Ахмед, сжимая руль руками в белых перчатках, плавно свернул к «Танлинк». За два года пребывания в Сингапуре я впервые переступил порог этого клуба. Гарри Лазард стал его членом меньше чем за год. Он ждал в вестибюле и поведал мне об этом своем достижении, пока мы шли в столовую для избранных.
Проходя мимо фотопортрета Уинстона Черчилля, Лазард громко сказал:
— А знаете ли, его мать была американка.
За столом он пояснил, что ему очень приятно толковать об этой подробности биографии Черчилля в присутствии английских членов клуба. Я заметил, что уши у Лазарда волосатые. Он отказался взять меню, сообщив официанту, что и так его наизусть знает; попросил подать дежурный «обед дня»: ростбиф, йоркширский пудинг, жареный картофель и брюссельскую капусту. Ошеломленный, я заказал то же самое.
Бранить еду он начал, как только ее принесли, чем испортил мне весь аппетит.
— Вам бы надо разочек пообедать у нас дома. — Он усмехнулся. — Тут, знаете ли, вышла забавная история. Мы с женой как-то превосходно поужинали «У Мишеля». Я захотел познакомиться с шеф-поваром, и когда тот подошел к нашему столику, спросил, сколько он зарабатывает. Повар был китаец. Как выяснилось, платили ему не слишком много. Я сказал, что дам вдвое больше, если он перейдет работать в мой дом. Малый учился стряпать у одного первоклассного сайгонского кулинара. Теперь он принадлежит мне.
Это впечатляло: не чинясь, просто сказать человеку: «Я вас беру»…
— Деньги все решили в один миг, — продолжал Лазард. — Обычная история.
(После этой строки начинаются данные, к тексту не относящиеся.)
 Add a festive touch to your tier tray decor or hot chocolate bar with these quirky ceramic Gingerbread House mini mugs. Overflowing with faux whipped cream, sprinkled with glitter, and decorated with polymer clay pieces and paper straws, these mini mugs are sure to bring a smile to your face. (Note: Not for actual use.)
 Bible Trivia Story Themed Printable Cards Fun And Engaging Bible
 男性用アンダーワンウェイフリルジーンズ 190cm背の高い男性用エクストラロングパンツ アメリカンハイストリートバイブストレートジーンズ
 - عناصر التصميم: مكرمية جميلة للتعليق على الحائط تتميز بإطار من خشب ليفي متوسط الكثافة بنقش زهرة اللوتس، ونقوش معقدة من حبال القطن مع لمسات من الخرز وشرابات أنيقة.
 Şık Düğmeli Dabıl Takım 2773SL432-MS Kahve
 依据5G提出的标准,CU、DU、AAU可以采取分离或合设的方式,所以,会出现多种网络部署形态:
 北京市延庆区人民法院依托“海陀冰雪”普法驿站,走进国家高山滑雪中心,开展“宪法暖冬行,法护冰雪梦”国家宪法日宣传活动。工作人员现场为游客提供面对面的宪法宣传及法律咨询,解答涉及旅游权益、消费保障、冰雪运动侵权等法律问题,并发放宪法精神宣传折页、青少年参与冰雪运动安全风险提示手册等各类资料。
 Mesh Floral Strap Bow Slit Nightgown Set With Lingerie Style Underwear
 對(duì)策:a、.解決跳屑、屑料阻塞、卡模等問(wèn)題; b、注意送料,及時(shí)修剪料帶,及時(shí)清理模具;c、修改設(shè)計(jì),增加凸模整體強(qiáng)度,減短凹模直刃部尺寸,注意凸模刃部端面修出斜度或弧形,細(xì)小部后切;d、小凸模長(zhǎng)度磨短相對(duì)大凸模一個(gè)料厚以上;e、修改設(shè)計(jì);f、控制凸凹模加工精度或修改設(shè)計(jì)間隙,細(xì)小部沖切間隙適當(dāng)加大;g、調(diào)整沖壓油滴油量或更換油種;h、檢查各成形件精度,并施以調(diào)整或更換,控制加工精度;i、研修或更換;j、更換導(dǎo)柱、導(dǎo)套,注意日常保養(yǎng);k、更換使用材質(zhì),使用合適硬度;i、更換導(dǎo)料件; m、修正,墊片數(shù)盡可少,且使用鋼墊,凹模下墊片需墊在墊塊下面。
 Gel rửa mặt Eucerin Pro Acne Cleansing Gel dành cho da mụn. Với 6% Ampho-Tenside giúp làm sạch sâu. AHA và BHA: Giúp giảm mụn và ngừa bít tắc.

У большинства жителей Сингапура заработная плата до смешного низкая. Удивительно: местные люди сами не понимают, какие они искусники. Тут вас могут накормить так, как не накормят нигде в мире.
Его Сингапур был насквозь кондиционирован и весьма приятен. Мой, потный и жаркий, был битком набит народом. В его Сингапуре был клуб «Танлинь», где собирались игроки в поло и в гольф; в моем — университетский клуб, полный нытиков. Он жил в Сингапуре высокого кулинарного искусства, я — в Сингапуре, где питались поджаренной лапшой и соевым соусом, изготовленным амой. Его переполняло блаженство, меня снедало нетерпение. Я жил в доме без телефона, ездил на автобусе, купался в реке Сингапур и покупал у велорикш гашиш. Я знал, что мой Сингапур уходит в прошлое, что мои дни здесь сочтены.
— Видите, как тут чисто, какой всюду образцовый порядок? Это редчайшая вещь, согласны?